= Exemplification theory =

Metaphysical theory

Exemplification theory is a theory that states that an event is the exemplification of a property in an entity. This identity is often modeled as an "ordered triple" of an entity, property type, and time.

==Overview==
Much of exemplification theory is based on logic arguing that there are evolutionary advantages that stem from the ability to group events together. Humans do this by sifting through experiences to group those that seem to go together and coding the occurrence of events in a quantitative manner that allows them to make judgments (most often nonconsciously) of how frequently different events occur. These judgments are considered based on two cognitive devices: the availability heuristic and the representativeness heuristic.

The availability heuristic tells us that judgments of social phenomena are greatly influenced by the ease with which information comes to mind. Availability heuristics can be a useful tool for assessing frequency or probability of an event. Individuals that employ the availability heuristic evaluate the frequency of events based on the quickness with which pertinent instances come to mind.

The representativeness heuristic is a special case of availability. It stipulates that abstract base-rate information plays little role in quantitative judgments about event populations. Instead, these judgments are based on the sample of more concrete exemplars that are available to the individual at the time of decision making. Exemplification theory is a simple combination of these heuristics. It posits that since exemplars come to mind more easily than base-rates when accessing information, available exemplars will dominate base-rate information when making judgments of event populations.

Behavioral intentions are the direct determinants of behaviors. Much of this research focuses on the manipulation of attitudes, subjective norms, and/or behavioral control with the message having a direct impact on receivers based on the information provided and the presentation of base-rates and exemplars. Exemplification theory examines the role of base-rates and exemplars in communication messages. Individuals pay attention to (and are more influenced by) exemplars than by base-rate data. Base-rates are not always inconsequential.

Criticism in the 1980s rejected exemplificationism, charging that it ultimately conflates events with facts. Since then, exemplificationism has lost almost all of its previous popularity.

== Exemplars and base-rates ==
An exemplar is an instance of an event population that shares essential features with all other instances from the group of events that is defined by those features. In a sense, exemplars are case reports used to represent characteristics typical of a group of event. Commonly, exemplars are illustrative representations of information. An exemplar will provide a demonstration of an event.

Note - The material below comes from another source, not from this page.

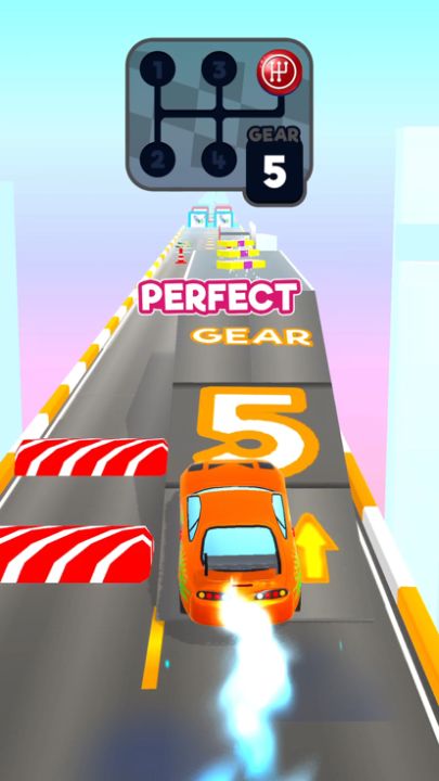 Drive and collect the money on the road, avoid obstacles and pass through the gates in order to change your gear! Adjust your gear according to the number on the ramps!

Exemplars used in conjunction with base-rates as case illustrations of event populations to enhance or detract from given base-rate information as the salient features of the exemplar are representative of the event population. As with news reports, exemplars are often added to provide a description of an event being discussed within a report and are chosen for their entertaining qualities.

Base-rates present descriptions limited to certain general features of the event population. Base-rate information often comes in the form of a numerical representation such as the frequency with which an event occurs. Typically it is thought of as quantitative information
about population events or a general description of the number of things or people in the setting.

Base-rates are said to be less illustrative or vivid than exemplar information. They have not been examined as often as exemplars. They are overwhelmed by exemplars in many circumstances, it does not appear that they are always ignored. Prior investigations suggest that base-rates are perceived by decision makers as more reliable and can influence decisional confidence more than exemplars. Base-rates are perceived as more truthful, precise, and accurate than exemplars. Nevertheless, recent research has shown that exemplification effects are prone to other perceptual phenomena.

Some research suggests several disadvantages to the use of exemplars, particularly in relation to perceptual bias that might result from their use. Exemplars are also said to play a role in perpetuating negative stereotypes, and in isolation are frequently found to be inefficient sources of information.

Exemplar information has largely been found to be less reliable than base-rate information. In part, because it is seldom collected or presented in a systematic manner.

Exemplification research demonstrates that individuals often base their assessment of social reality more strongly on attributes of the exemplars selected for inclusion in media reports than statistical representations of information. This has been found problematic when the exemplar is atypical and chosen for its entertaining or sensational qualities, a common occurrence within news stories.